On October 11, Kumar and several other activists and lawyers travelled south of Dantewada to visit Nendra village. Until last year, Nendra had been a ghost town, after the Salwa Judum burnt it down two years ago, forcing residents to flee. Kumar’s NGO, Vanvasi Chetna Ashram (VCA), had had it rebuilt and persuaded the villagers to return. Within hours of the activists’ visit to the village, news of their presence spread quickly. More than 200 people from villages nearby assembled there, converting the meeting into a people’s tribunal. Since September the SPOs have killed wantonly in Nendra. Six people have gone missing.

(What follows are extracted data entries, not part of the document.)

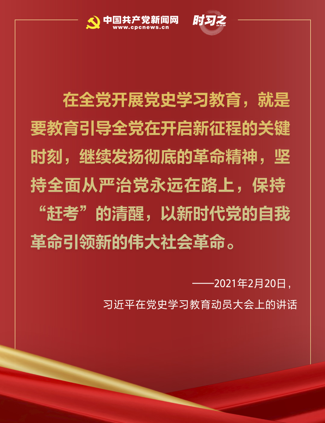歷史不僅蘊藏著我們“從哪里來”的密碼,也是標(biāo)定我們“走向何方”的路標(biāo)。當(dāng)前,正在全黨集中開展的黨史學(xué)習(xí)教育,正是為了把黨的歷史學(xué)習(xí)好、總結(jié)好,使我們的黨永遠(yuǎn)不變質(zhì)、我們的紅色江山永遠(yuǎn)不變色。
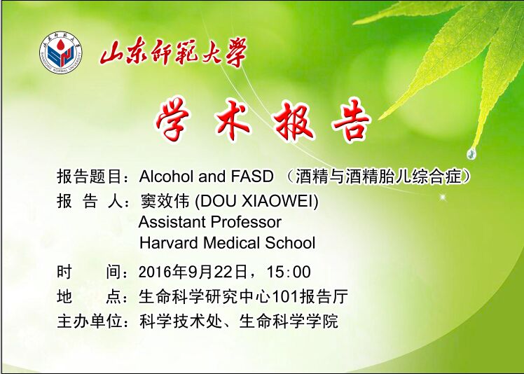为加强学术交流,英国上市365特邀哈佛医学院窦效伟教授来我校作主题为“Alcohol and FASD(酒精与酒精胎儿综合症)”的学术报告。报告会于2016年9月22日下午15点在生命科学研究中心101报告厅举行,由英国上市365院长王宝山教授主持,参会者包括杨桂文教授、耿越教授及发育生物学、动物学、细胞学专业的老师和研究生。
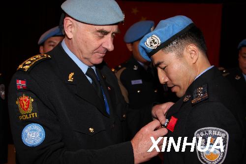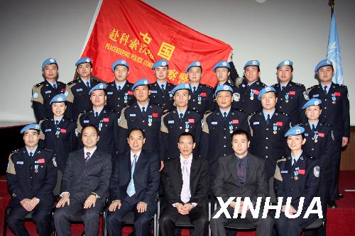 11月16日,中國第五批駐科索沃維和警察榮獲聯(lián)合國維和勛章的授勛儀式在科首府普里什蒂納舉行。第五批中國維和警察于2008年3月11日抵達(dá)普里什蒂納,執(zhí)行聯(lián)合國為期一年的維和任務(wù)。這支警隊(duì)是四川省公安廳受中國公安部委托單獨(dú)組建的。新華社記者連國輝攝
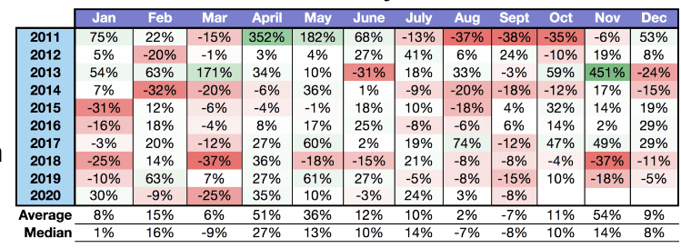 If the past is any indication of the future, one should brace for Oct. to outperform September, just as it has for 8 of the past nine years, and return around +11%. Do note that relative to the average monthly return, bitcoin has underperformed 6 of the past nine months.

In the last two months, as a precursor to Operation Green Hunt, police have harassed VCA activists. One volunteer has been jailed and tortured on false charges. Ironically, the Naxals, too, distrust Kumar, especially because of his efforts to repopulate the villages burnt down by Salwa Judum. You see, the people of those villages have found an answer away from both the Naxals and the Indian State, in Kumar’s Gandhian methods of resistance. Many of those who have gone back to their villages had been eager to turn the Naxals away.
But now, of course, the renewed Salwa Judum violence and Operation Green Hunt could once again quickly fatten the Naxals’ enrollment registers. Such is the scale of the Indian State’s violence that it is turning even Kumar increasingly despondent. “I stare dumbly at all these people who come to me, the old man who saw his daughter raped and son shot dead, the young wife who was raped repeatedly, the family whose house was burnt down,” Kumar said to me one night on the phone from Dantewada, unable to sleep. “They keep saying to me: help us. I keep quiet. Because how do I help them?”
And then, he added: “I am too much a son of Mahatma Gandhi and Vinoba Bhave to ever leave the path of nonviolence. But I look at these people and wonder, if I were a tribal person, raped, shot, abused, humiliated, wouldn’t I, too, pick up the gun to defend my family, my home, my lands, my forests?”